- Para além do Acordo de Paris, de Trump e do negacionismo sobre a Mudança Climática
24-06-2017 Manila, Filipinas
O agostiniano recoleto filipino Fr. Tagoy Jakosalem leva a cabo uma iniciativa da Ordem em seu país, que já foi contemplada com vários prêmios e reconhecimentos, inclusive o da Fundação Al Gore, por seu trabalho em prol dos menos favorecidos, principais vítimas dos desastres ecológicos e da mudança climática. Ele assim o explica neste texto.
O Acordo de Paris vai muito além de si mesmo, da sede central das Nações Unidas em Nova York e mesmo da pessoa do próprio Trump e de suas declarações quase delitivas.
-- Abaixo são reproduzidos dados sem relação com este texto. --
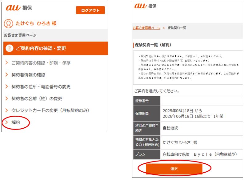 「お客さま専用ページ」にログイン → トップページのメニュー「ご契約内容の確認・変更」から「解約」を選択 → 該当契約を「選択」 → 「解約する」

Esse acordo, na verdade, está centrado em todas as áreas, nações e povos afetados pela crise climática.

O anúncio do presidente Trump de que tirará os Estados Unidos do Acordo de Paris é uma vergonha não só para o seu governo, mas também para o seu país. Enquanto todas as nações tentam dirigir-se unidas num esforço coletivo de sobrevivência ante o claro e já atual perigo da mudança climática, Trump, simplesmente, por sua própria agenda política e econômica, sob influência do Instituto de Iniciativas para a Competitividade, renega o Acordo de Paris.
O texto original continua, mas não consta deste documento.